▶ **DIRECTIONS**
Retype, without pictures, the line holding "I started this" and each line below it through the final line.

Data excerpts:
+--

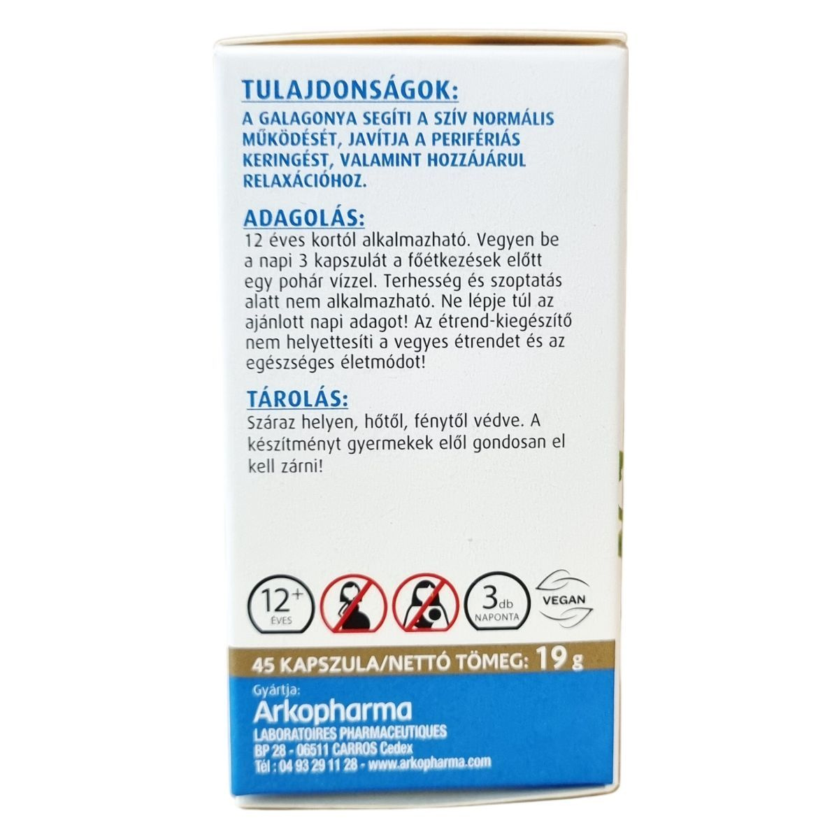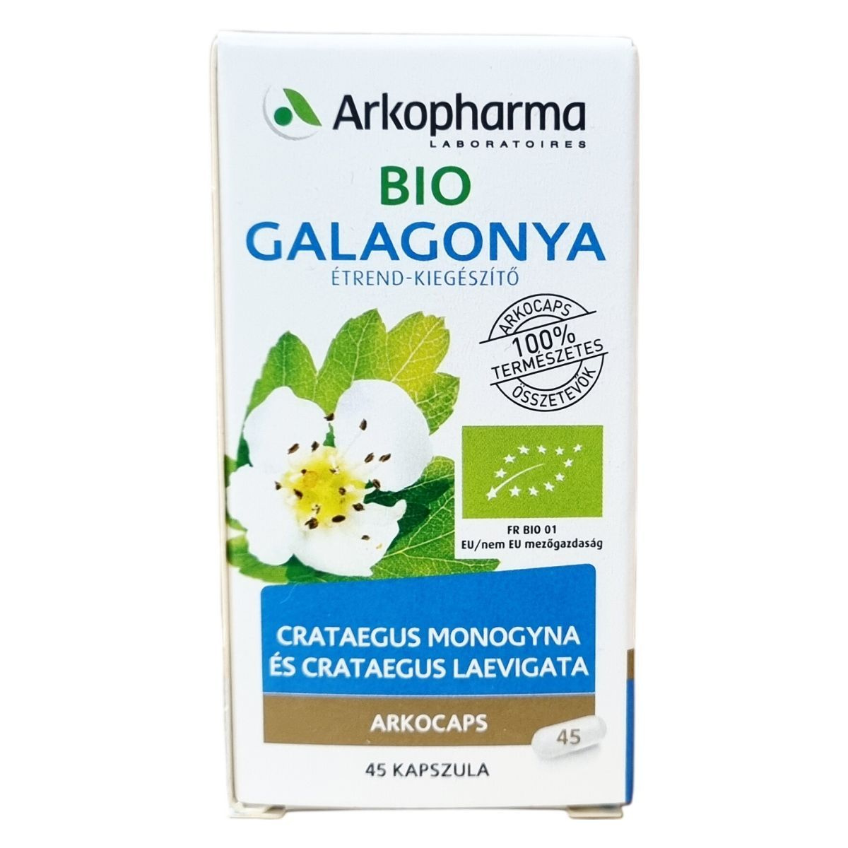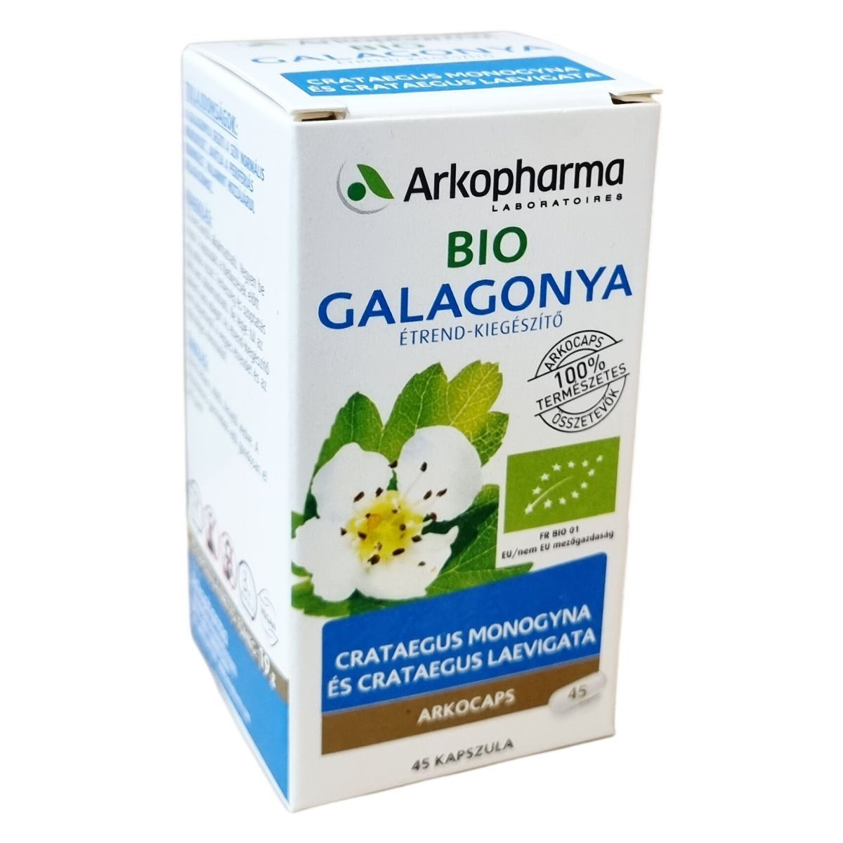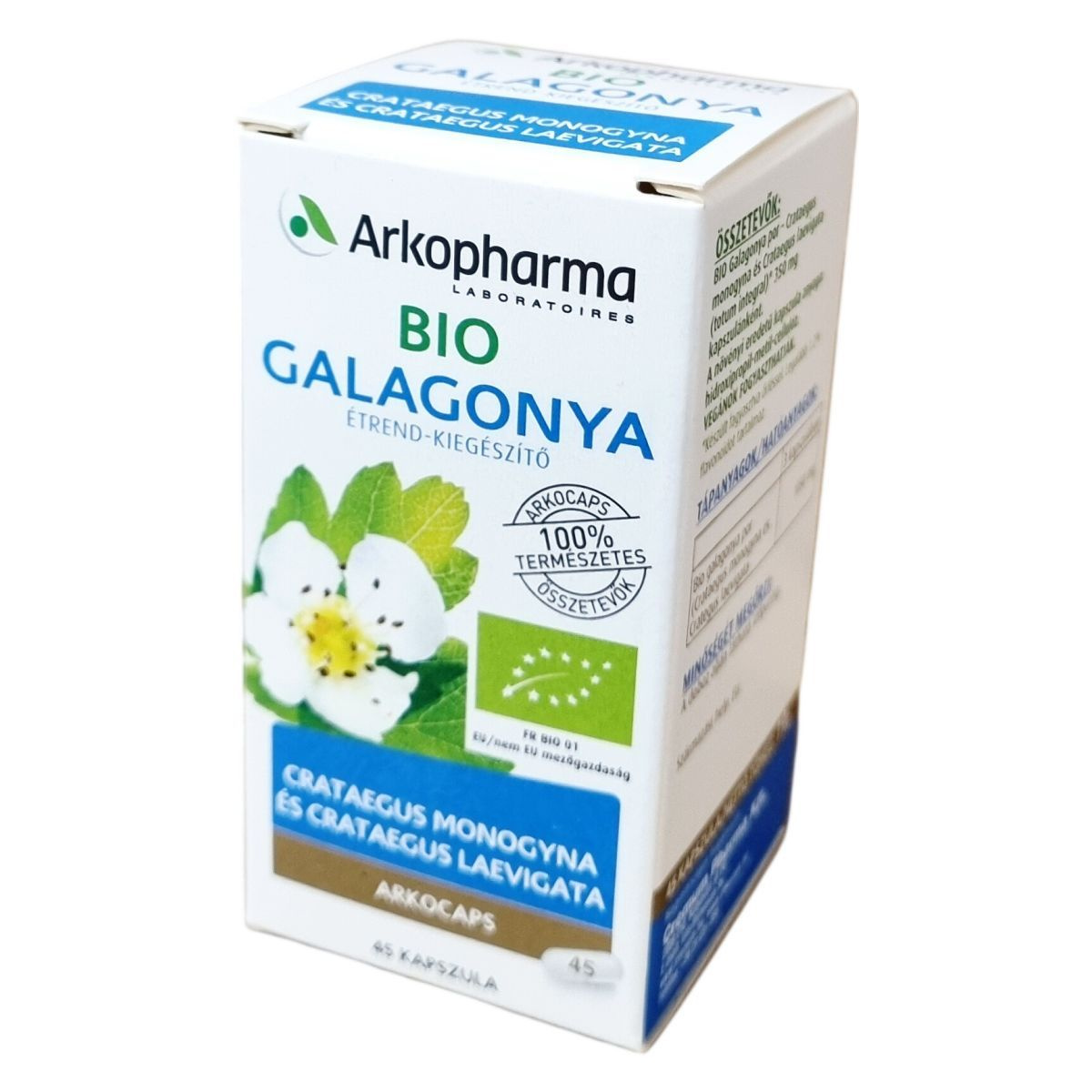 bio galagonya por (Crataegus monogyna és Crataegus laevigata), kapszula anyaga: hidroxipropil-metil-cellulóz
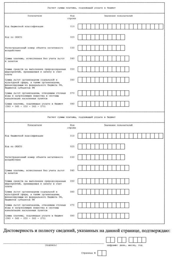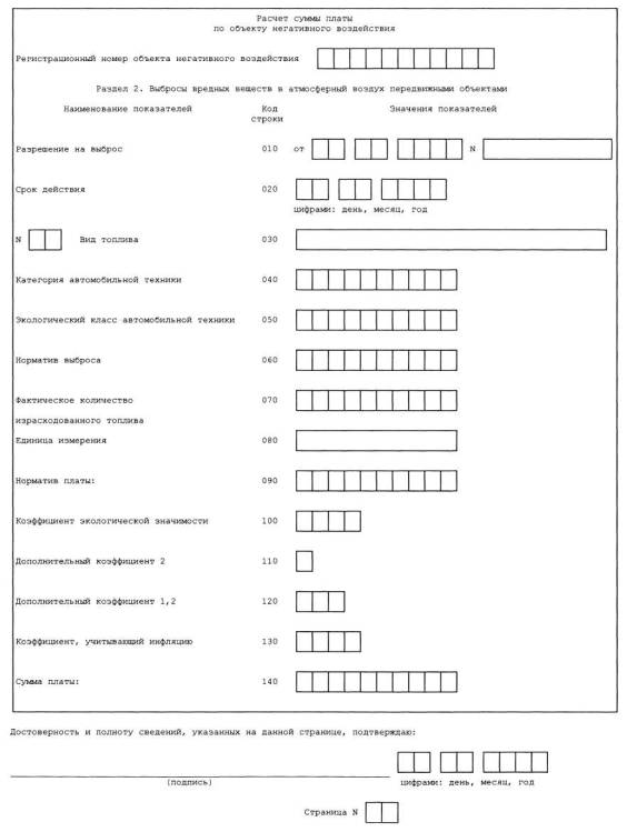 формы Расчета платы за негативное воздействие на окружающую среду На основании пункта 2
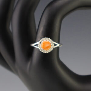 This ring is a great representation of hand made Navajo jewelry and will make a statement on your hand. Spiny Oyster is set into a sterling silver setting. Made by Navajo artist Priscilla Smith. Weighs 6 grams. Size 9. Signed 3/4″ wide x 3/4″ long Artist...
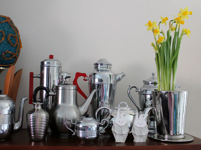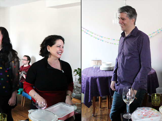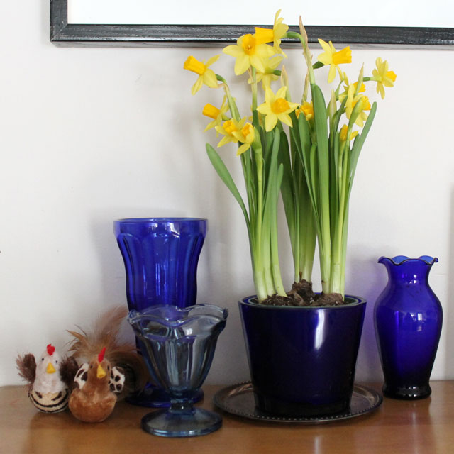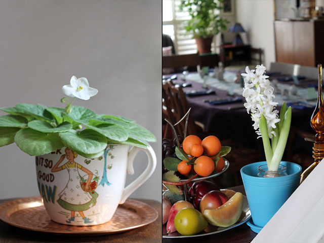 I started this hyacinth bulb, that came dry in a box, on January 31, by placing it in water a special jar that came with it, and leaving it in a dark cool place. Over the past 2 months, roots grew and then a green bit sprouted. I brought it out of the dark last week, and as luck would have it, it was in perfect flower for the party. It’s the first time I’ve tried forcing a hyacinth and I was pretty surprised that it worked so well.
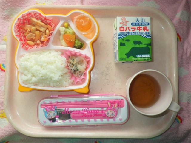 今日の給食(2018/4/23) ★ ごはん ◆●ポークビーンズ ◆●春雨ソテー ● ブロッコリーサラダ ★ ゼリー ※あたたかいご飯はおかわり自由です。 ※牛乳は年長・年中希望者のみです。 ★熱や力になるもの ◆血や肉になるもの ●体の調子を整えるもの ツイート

+--

▶ **SOLUTION**
 I started this hyacinth bulb, that came dry in a box, on January 31, by placing it in water a special jar that came with it, and leaving it in a dark cool place. Over the past 2 months, roots grew and then a green bit sprouted. I brought it out of the dark last week, and as luck would have it, it was in perfect flower for the party. It’s the first time I’ve tried forcing a hyacinth and I was pretty surprised that it worked so well.
 今日の給食(2018/4/23) ★ ごはん ◆●ポークビーンズ ◆●春雨ソテー ● ブロッコリーサラダ ★ ゼリー ※あたたかいご飯はおかわり自由です。 ※牛乳は年長・年中希望者のみです。 ★熱や力になるもの ◆血や肉になるもの ●体の調子を整えるもの ツイート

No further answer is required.